Hi guys
I am currently trying to rebuild a network from tensoflow in pytorch. The library onnx2pytorch worked for me, but I would like to build a replica class from the same network in pytroch. The idea is to use this class in order to test inference with different number systems like bfloat or posit.
What I did so far:
- Converting tf model to pytroch
from onnx2pytorch import ConvertModel
os.environ['TF_KERAS'] = '1'
pretrained_model = tf_load_model(config['model_list']['dna821_fp32'])
onnx_model = onnxmltools.convert_keras(pretrained_model)
pretrained_model = ConvertModel(onnx_model, experimental=True)
This leads to the following model which has the same accuracy and size as in tensorflow:
ConvertModel(
(Transpose_model/conv2d/BiasAdd__29:0): Transpose()
(Conv_model/conv2d/BiasAdd:0): Conv2d(3, 8, kernel_size=(7, 7), stride=(1, 1))
(Relu_model/conv2d/Relu:0): ReLU(inplace=True)
(MaxPool_model/max_pooling2d/MaxPool:0): MaxPool2d(kernel_size=(2, 2), stride=(2, 2), padding=0, dilation=1, ceil_mode=False)
(Conv_model/conv2d_1/BiasAdd:0): Conv2d(8, 150, kernel_size=(4, 4), stride=(1, 1))
(Relu_model/conv2d_1/Relu:0): ReLU(inplace=True)
(MaxPool_model/max_pooling2d_1/MaxPool:0): MaxPool2d(kernel_size=(6, 6), stride=(6, 6), padding=0, dilation=1, ceil_mode=False)
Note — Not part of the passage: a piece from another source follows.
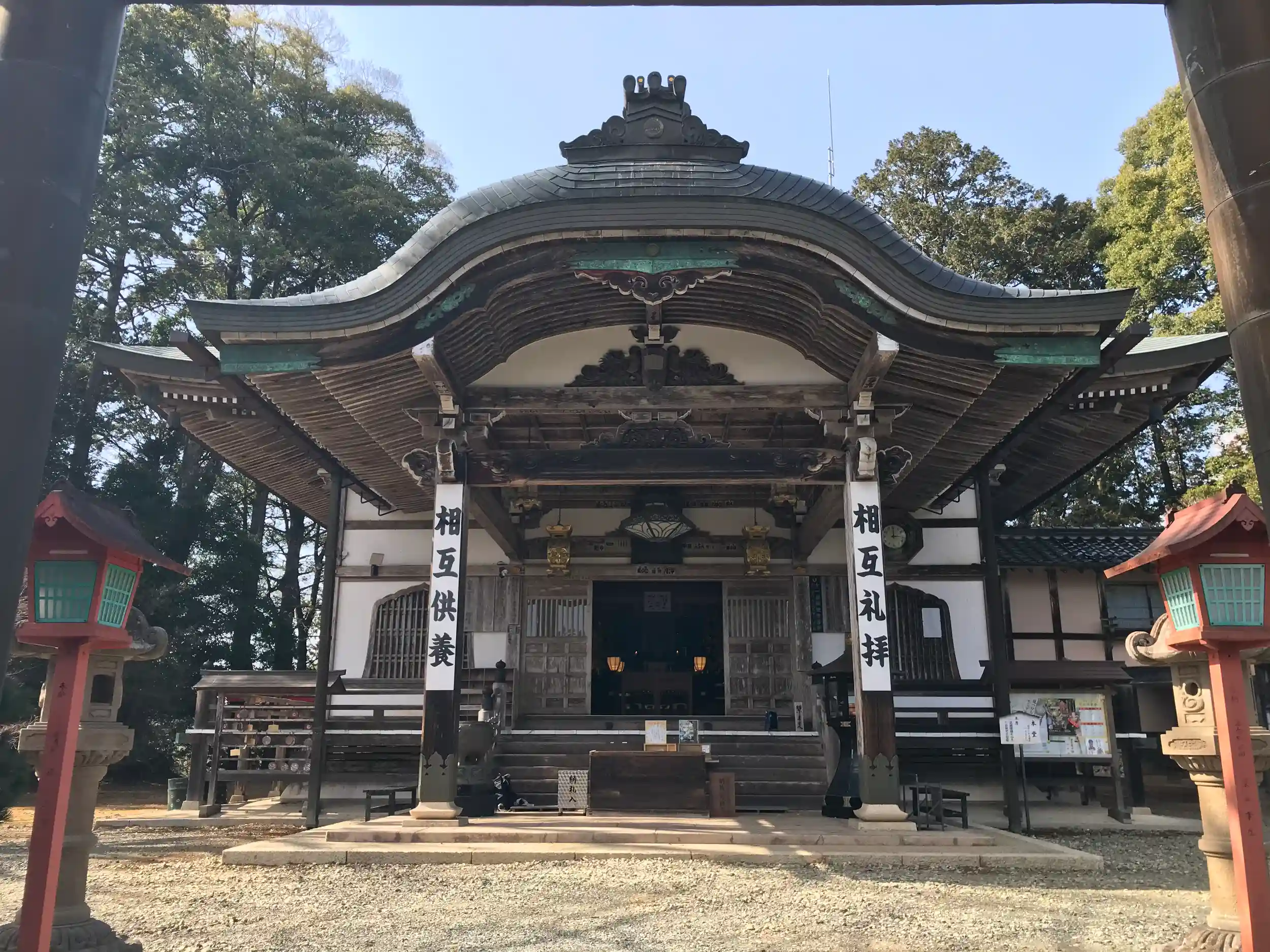 神仏習合の名残を残しており、山門の手前には鳥居が、本堂の裏手には鎮守殿が配されている。

(Transpose_model/max_pooling2d_1/MaxPool__43:0): Transpose()
(Reshape_model/flatten/Reshape:0): Reshape(shape=[ -1 1350])
(MatMul_model/dense/BiasAdd:0): Linear(in_features=1350, out_features=340, bias=True)
(Relu_model/dense/Relu:0): ReLU(inplace=True)
(MatMul_model/dense_1/BiasAdd:0): Linear(in_features=340, out_features=490, bias=True)
(Relu_model/dense_1/Relu:0): ReLU(inplace=True)
(MatMul_model/dense_2/BiasAdd:0): Linear(in_features=490, out_features=43, bias=True)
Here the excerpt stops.